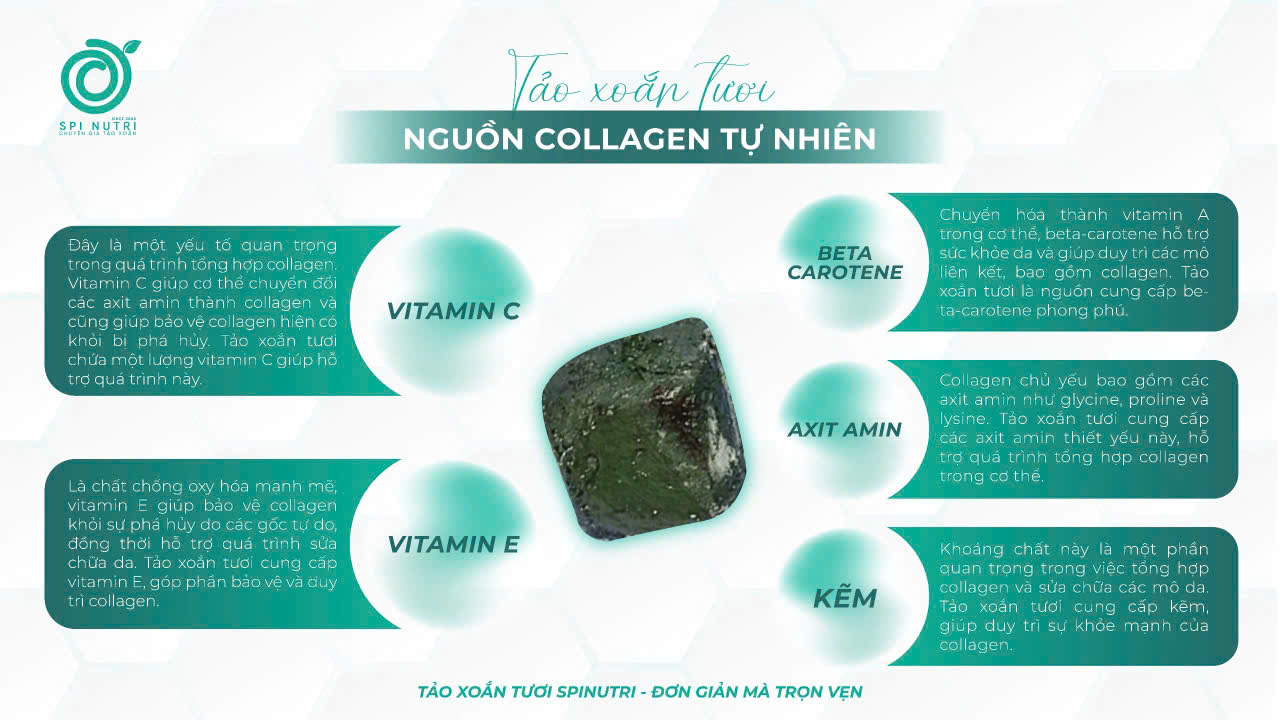 Tảo xoắn chứa nhiều dưỡng chất như vitamin B, sắt và các khoáng chất thiết yếu, giúp cấp ẩm cho da, duy trì độ mềm mịn và ngăn ngừa tình trạng da khô. Ngoài ra, tảo xoắn còn hỗ trợ tái tạo tế bào da, giúp da khỏe mạnh và đều màu.
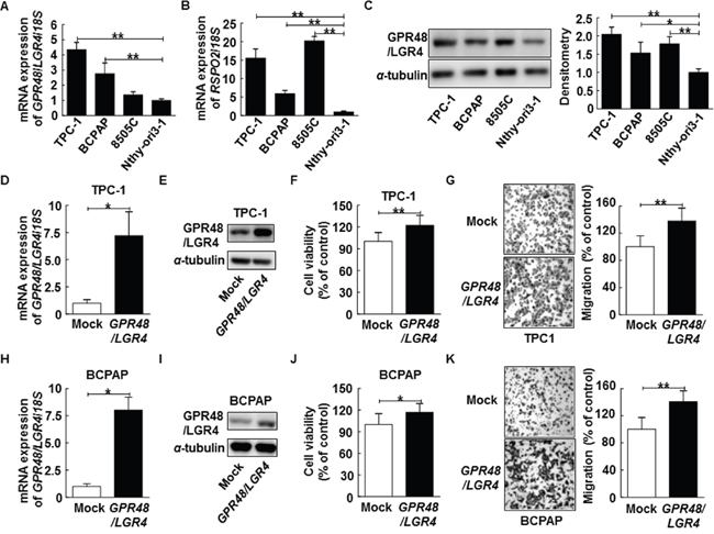 BCPAP and TPC-1 were maintained in Dulbecco’s Modified Eagle’s Medium (DMEM; Invitrogen) [47–49]. Nthy-ori3-1 and 8505C were cultured in RPMI 1640. Both types of media were supplemented with 10% heat-inactivated fetal bovine serum (FBS), 100 U/mL penicillin, and 100 μg/mL streptomycin [47, 48]. Cells were cultured at 37°C in a humidified chamber under a 5% CO2 atmosphere. Transient transfection was performed using the Lipofectamine 2000 reagent (Invitrogen, Carlsbad, CA, USA) when cells reached 60% confluence. The full-length cDNA encoding human GPR48/LGR4 was PCR-amplified from a cDNA library and inserted into the pCMV6-Entry (cat #PS100001) vector purchased from OriGene (Rockville, MD, USA). TPC-1 and BCPAP cells were transfected with 20 pmol Stealth siRNA or siGPR48/LGR4 (Invitrogen, Carlsbad, CA, USA) oligomers in 50 μL Opti-MEM I using Lipofectamine RNAiMAX (Invitrogen, Carlsbad, CA, USA). All experiments were performed in duplicate and repeated at least three times.
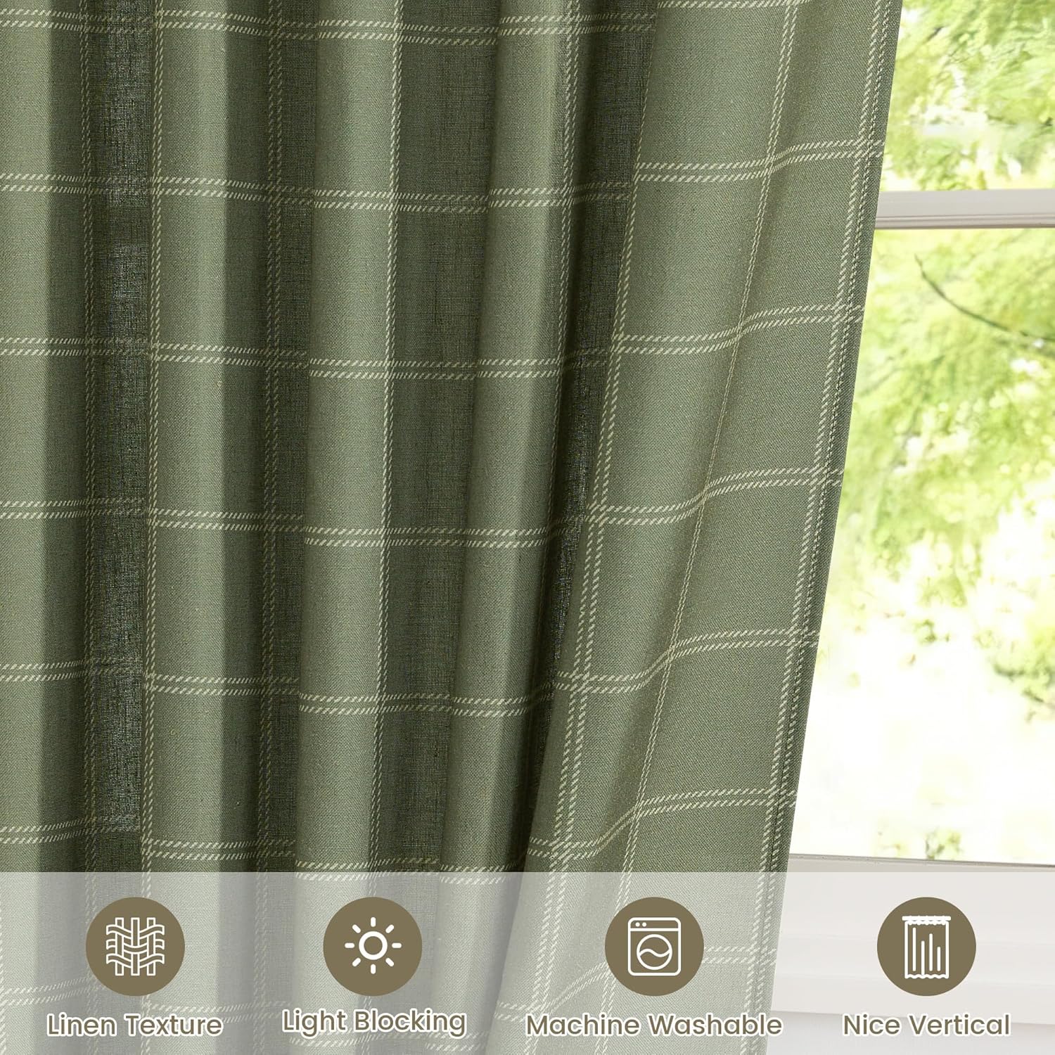 These Linen Blend Plaid curtains are designed to effortlessly enhance your home decor straight out of the package. Each order includes two panels, each measuring 52 inches wide by 96 inches long, offering generous coverage for most standard windows. Their moss green diagonal check pattern and natural texture bring a charming, vintage-inspired look that complements farmhouse, modern, and transitional styles beautifully.
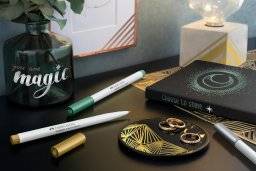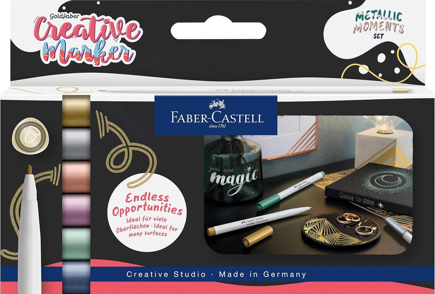 Goldfaber Creative Marker met een bulletpoint (1.5) een echte allrounder voor uiteenlopende creatieve projecten, zoals handlettering, doe-het-zelfprojecten en upcycling. Deze marker is perfect geschikt voor gebruik op alle soorten papier, van licht tot gekleurd en zelfs donker papier. Daarnaast hecht het ook uitstekend op diverse andere oppervlakken, waaronder karton, glas, folie, keramiek, kunststof, terracotta, hout, metaal en steen. Dankzij de geurloze inkt op waterbasis is schudden of pompen niet nodig, en bovendien bloedt de inkt niet door het papier heen. De marker is veeg- en spatbestendig en wordt watervast na 30 minuten fixeren in de oven op 160°C. Houd er wel rekening mee dat de inkt niet vaatwasbestendig is. Set met 6 kleuren Metallic Moments (550, 551, 552, 553, 590, 594).
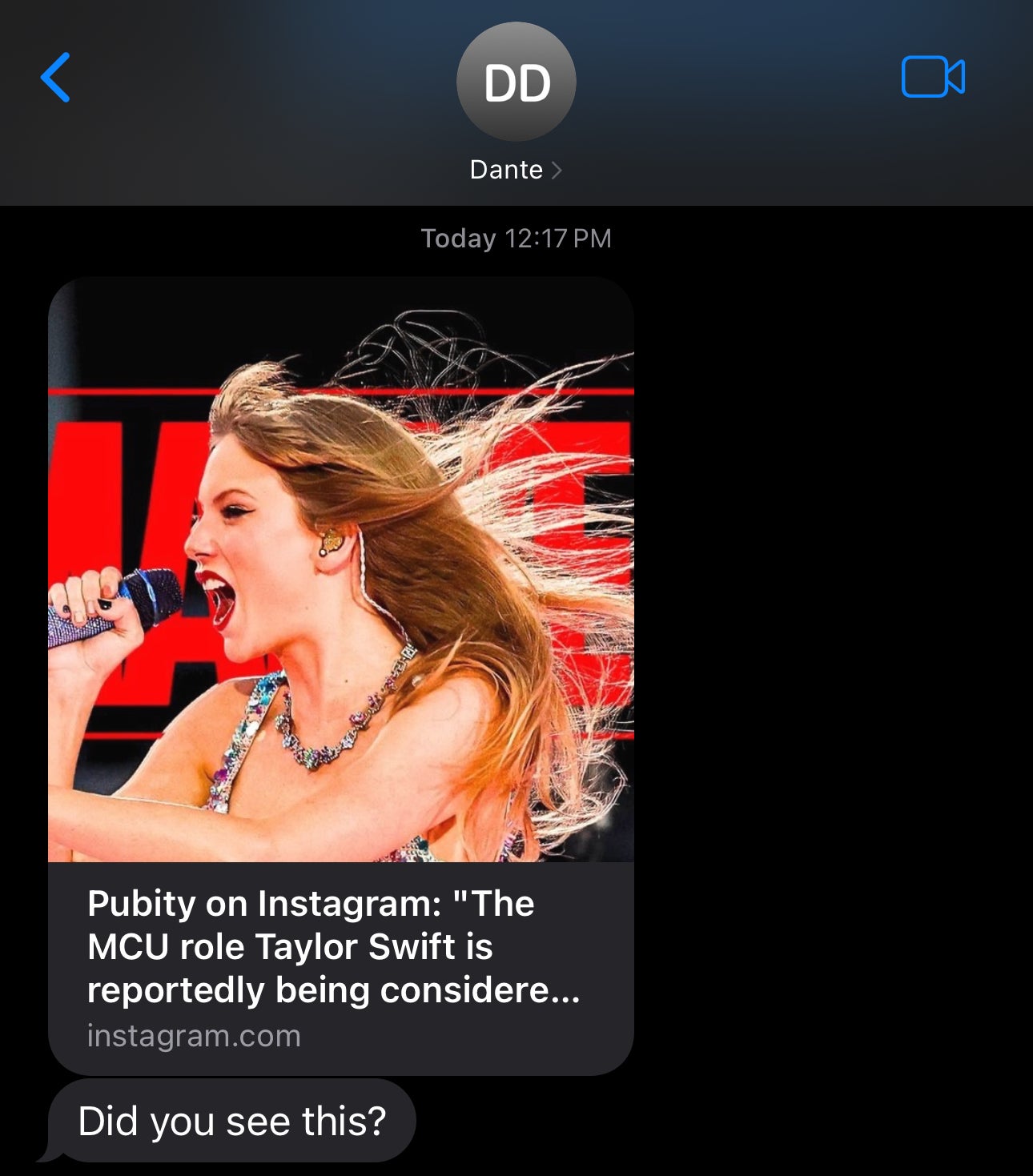 I've been getting texts like this for months now. No shade to my guy Dante who is just making sure I'm up on the news but I will say, if the news is Taylor Swift related, I've seen it. It's all I do. I wake up, I check for Taylor news. I'm scrolling my phone all day long going through convos on Twitter about XYZ rumors flying around, sifting through fake reports and stories planted to get engagement. The problem isn't the fact that Dante texted me, it's WHAT he texted me. A link to this "viral news" instagram account with 38 MILLION followers, Pubity:
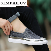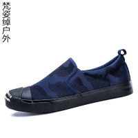 路蒙卡帝2017新款男鞋迷彩印花透气布鞋英伦时尚潮流男帆布鞋一脚蹬男板鞋
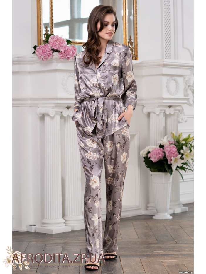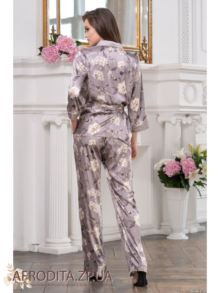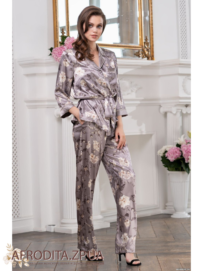 Элегантный комплект-двойка Mia-Amore из смесевого шелкового полотна с изящным принтом состоит из жакета и брюк. Жакет на пуговицах, с рукавами ¾. Линию борта и рукавные манжеты украшают тонкие контрастные канты. К жакету прилагается пояс. Брюки выполнены из смесевого принтованного шелкового полотна, боковые швы и манжеты украшают контрастные канты в боковых швах кармана.

* Instructions for the task *
Copy all the lines of data exactly as they appear, dropping any images.

* Worked solution *
 Tảo xoắn chứa nhiều dưỡng chất như vitamin B, sắt và các khoáng chất thiết yếu, giúp cấp ẩm cho da, duy trì độ mềm mịn và ngăn ngừa tình trạng da khô. Ngoài ra, tảo xoắn còn hỗ trợ tái tạo tế bào da, giúp da khỏe mạnh và đều màu.
 BCPAP and TPC-1 were maintained in Dulbecco’s Modified Eagle’s Medium (DMEM; Invitrogen) [47–49]. Nthy-ori3-1 and 8505C were cultured in RPMI 1640. Both types of media were supplemented with 10% heat-inactivated fetal bovine serum (FBS), 100 U/mL penicillin, and 100 μg/mL streptomycin [47, 48]. Cells were cultured at 37°C in a humidified chamber under a 5% CO2 atmosphere. Transient transfection was performed using the Lipofectamine 2000 reagent (Invitrogen, Carlsbad, CA, USA) when cells reached 60% confluence. The full-length cDNA encoding human GPR48/LGR4 was PCR-amplified from a cDNA library and inserted into the pCMV6-Entry (cat #PS100001) vector purchased from OriGene (Rockville, MD, USA). TPC-1 and BCPAP cells were transfected with 20 pmol Stealth siRNA or siGPR48/LGR4 (Invitrogen, Carlsbad, CA, USA) oligomers in 50 μL Opti-MEM I using Lipofectamine RNAiMAX (Invitrogen, Carlsbad, CA, USA). All experiments were performed in duplicate and repeated at least three times.
 These Linen Blend Plaid curtains are designed to effortlessly enhance your home decor straight out of the package. Each order includes two panels, each measuring 52 inches wide by 96 inches long, offering generous coverage for most standard windows. Their moss green diagonal check pattern and natural texture bring a charming, vintage-inspired look that complements farmhouse, modern, and transitional styles beautifully.
 Goldfaber Creative Marker met een bulletpoint (1.5) een echte allrounder voor uiteenlopende creatieve projecten, zoals handlettering, doe-het-zelfprojecten en upcycling. Deze marker is perfect geschikt voor gebruik op alle soorten papier, van licht tot gekleurd en zelfs donker papier. Daarnaast hecht het ook uitstekend op diverse andere oppervlakken, waaronder karton, glas, folie, keramiek, kunststof, terracotta, hout, metaal en steen. Dankzij de geurloze inkt op waterbasis is schudden of pompen niet nodig, en bovendien bloedt de inkt niet door het papier heen. De marker is veeg- en spatbestendig en wordt watervast na 30 minuten fixeren in de oven op 160°C. Houd er wel rekening mee dat de inkt niet vaatwasbestendig is. Set met 6 kleuren Metallic Moments (550, 551, 552, 553, 590, 594).
 I've been getting texts like this for months now. No shade to my guy Dante who is just making sure I'm up on the news but I will say, if the news is Taylor Swift related, I've seen it. It's all I do. I wake up, I check for Taylor news. I'm scrolling my phone all day long going through convos on Twitter about XYZ rumors flying around, sifting through fake reports and stories planted to get engagement. The problem isn't the fact that Dante texted me, it's WHAT he texted me. A link to this "viral news" instagram account with 38 MILLION followers, Pubity:
 路蒙卡帝2017新款男鞋迷彩印花透气布鞋英伦时尚潮流男帆布鞋一脚蹬男板鞋
 Элегантный комплект-двойка Mia-Amore из смесевого шелкового полотна с изящным принтом состоит из жакета и брюк. Жакет на пуговицах, с рукавами ¾. Линию борта и рукавные манжеты украшают тонкие контрастные канты. К жакету прилагается пояс. Брюки выполнены из смесевого принтованного шелкового полотна, боковые швы и манжеты украшают контрастные канты в боковых швах кармана.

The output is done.